Im Rahmen der Biennale in Havanna im Jahr 2000 waren Allora & Calzadilla erstmals in einem grossen, internationalen Kunstkontext zu sehen. Es folgten Ausstellungs-beteiligungen in der Tate Modern, London, 2003, der 51. Venedig Biennale und dem Palais de Tokyo, Paris, 2005. Die Renaissance Society in Chicago stellte das Künstlerpaar 2007 in einer Einzelausstellung mit der Installation Wake Up (2007) vor. Mit der Arbeit Clamor (2006) waren sie 2006 in The Moore Space in Miami und in diesem Jahr in der Serpentine Gallery in London vertreten.

In ihrer ersten umfassenden institutionellen Einzelausstellung in der Kunsthalle Zürich werden die Grossinstallationen Wake Up und Clamor, Objekte und eine repräsentative Auswahl der Filme von Allora & Calzadilla gezeigt, was einen umfassenden Einblick in das Schaffen der beiden Künstler ermöglicht.

Gleichzeitig bildet die intensive Erforschung von Militarismus und Krieg und ihre sozialen Auswirkungen einen Schwerpunkt der Ausstellung. Dabei gilt das besondere Augenmerk der Künstler den kritischen und philosophischen Implikationen von Begriffen wie Wachstum, Entropie, Fortbestand, Abnormität und Gemeinschaft.

Die Videoarbeit Returning a Sound (2003) entstand auf der puertoricanischen Insel Vieques, die in den vergangenen sechzig Jahren von den USA und der NATO als militärisches Übungsgelände genutzt wurde. Der Widerstand der Zivilbevölkerung führte 2002 zur Einstellung der Bombenübungen und dem Abzug der Truppen. Das Video zeigt nicht nur die Landschaft von Vieques, sondern auch die Geräuschkulisse der Insel, die für ihre Bewohner immer noch durch die Erinnerung an die akustische Gewalt der Bombardierungen geprägt ist.

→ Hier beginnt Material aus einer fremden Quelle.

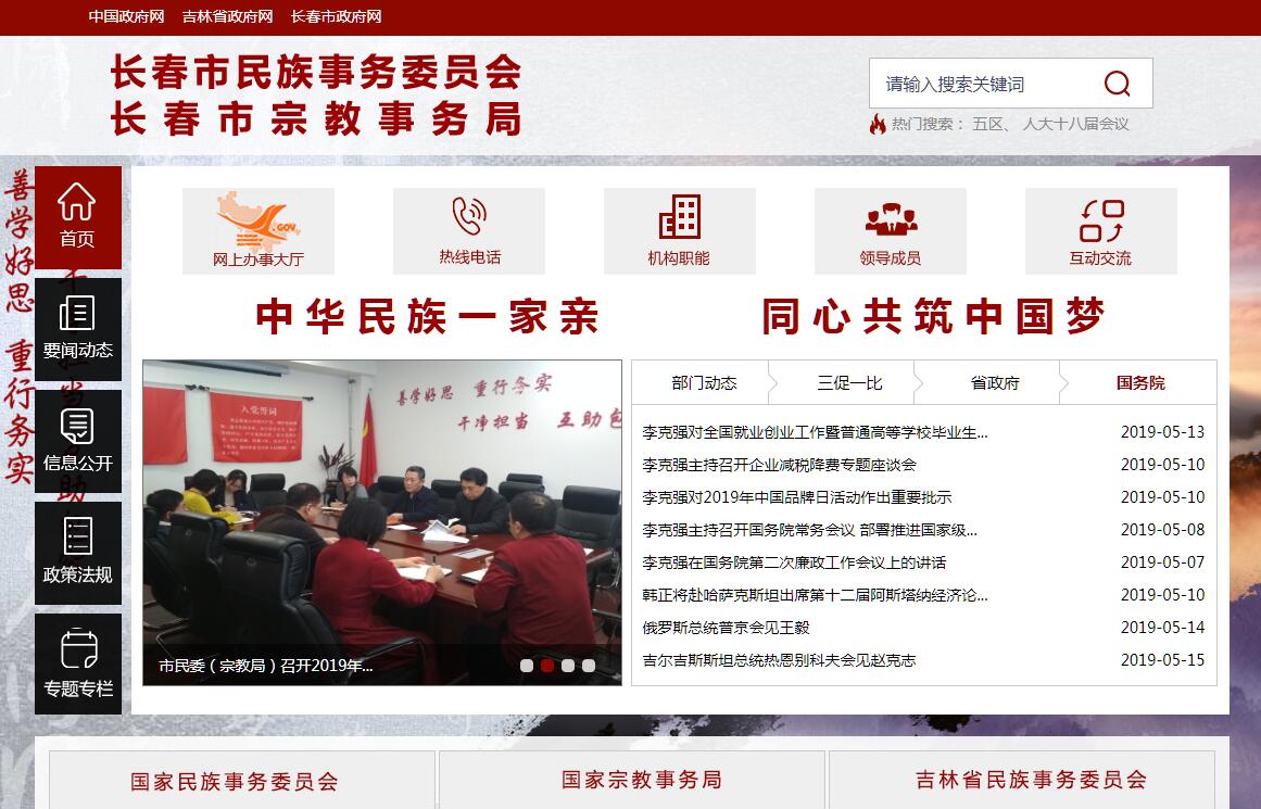 長春市民族事務委員會主要職責:(一)貫徹執(zhí)行黨和國家關于民族工作的方針、政策;組織開展民族理論、民族政策和民族工作重大問題的調查研究,提出有關民族工作的政策建議;起草全市有關民族事務的地方性法規(guī)和規(guī)章草案,擬訂民族相關工作政策,并監(jiān)督實施。(二)負責協(xié)調推動有關部門履行民族工作相關職責;促進民族政策在經濟發(fā)展和社會事業(yè)有關領域的實施、銜接;對政府系統(tǒng)民族工作進行業(yè)務指導。(三)研究提出協(xié)調民族關系的工作建議,協(xié)調處理民族關系中的重大事項;參與協(xié)調民族地區(qū)社會穩(wěn)定工作;組織指導民族政策、民族法律法規(guī)和民族基本知識的宣傳教育工作;組織協(xié)調全市民族工作領域有關對外和對港澳臺的交流與合作,促進各民族共同團結奮斗、共同繁榮發(fā)展,維護國家統(tǒng)一;組織開展民族團結進步創(chuàng)建活動,承辦市政府民族團結進步表彰事宜。(四)負責擬訂少數(shù)民族事業(yè)發(fā)展專項規(guī)劃,監(jiān)督檢查規(guī)劃實施情況,參與制定少數(shù)民族經濟社會相關領域的發(fā)展規(guī)劃;促進建立和完善少數(shù)民族事業(yè)發(fā)展綜合評價監(jiān)測體系;推進實施民族事務服務體系和民族事務管理信息化建設。(五)研究分析少數(shù)民族經濟發(fā)展、社會事業(yè)方面的問題并提出特殊政策建議,協(xié)調或配合有關部門處理相關事宜,配合承辦少數(shù)民族扶貧開發(fā)事宜;組織協(xié)調全市少數(shù)民族科技發(fā)展、對口支援和經濟技術合作等有關工作。(六)管理全市少數(shù)民族語言文字工作,指導少數(shù)民族語言文字的翻譯、出版和民族古籍的搜集、整理、出版工作。(七)參與擬訂少數(shù)民族人才隊伍建設規(guī)劃,聯(lián)系少數(shù)民族干部,協(xié)助有關部門做好少數(shù)民族干部的培養(yǎng)、教育和使用工作。(八)貫徹執(zhí)行黨和國家關于宗教工作的方針、政策,分析研究國內外宗教理論和宗教形勢,調查了解全市宗教發(fā)展趨勢現(xiàn)狀,掌握和分析、匯總宗教方面動態(tài)和信息,提出處理宗教領域問題的政策和建議。(九)依法履行宗教事務管理職責。依法保護公民宗教信仰自由和正常的宗教活動;維護宗教界合法權益,促進宗教關系和諧。(十)指導宗教團體依法依章開展活動;指導和支持宗教團體加強自身建設;推動宗教團體在宗教界開展愛國主義、社會主義、擁護祖國統(tǒng)一和民族團結的自我教育;辦理宗教團體需由政府解決或協(xié)調的有關事務。(十一)指導全市各級政府宗教事務部門依法履行管理職能,處理宗教事務的重大事件,防范利用宗教進行的非法、違法活動,抵御境外利用宗教進行的滲透活動。(十二)負責組織宗教干部和宗教教職人員的教育培訓工作。(十三)負責全市宗教方面的外事歸口管理工作,組織、指導有關部門和宗教界對外以及對港澳臺的宗教交往活動。(十四)承辦市政府交辦的其他事項。

Homar, Widerständler und Aktivist, wird in dem Film auf der Fahrt über die Insel begleitet, die er mit seinem Moped, an dessen Auspufftopf eine Trompete geschweisst ist, durchquert. So heischt die entfremdete, ursprünglich Lärm reduzierende Vorrichtung mit einem gewaltigen Ruf um Aufmerksamkeit. Sie wird zu einem Gegeninstrument, dessen Schallemissionen durch die Unebenheiten der Strasse und die Beschleunigungen des Mopedmotors bedingt sind. Returning a Sound würdigt die Ergebnisse der Kampagne für Frieden und Gerechtigkeit, weist aber zugleich auf die neuen Herausforderungen hin – es feiert einen Sieg, dokumentiert gleichzeitig, wie unsicher er ist, und ruft zu Wachsamkeit auf.

Die Videoarbeit Sweet Glands, Sweet Lands (2006) zeigt ein eigenwilliges Grillfest: untermalt oder eher angetrieben von einem Rapsong dreht sich ein Grillspiess, der von der umfunktionierten Kurbelwelle eines Autos betrieben wird. Motor und Sprachfluss laufen nicht gleichmässig, sie beschleunigen und verlangsamen asynchron und kreisen angetrieben vom Sprachgewitter um Themen wie Armut, Aufstand, Poesie und der zugleich problematischen wie surrealen kreativen Umwandlung von Realität.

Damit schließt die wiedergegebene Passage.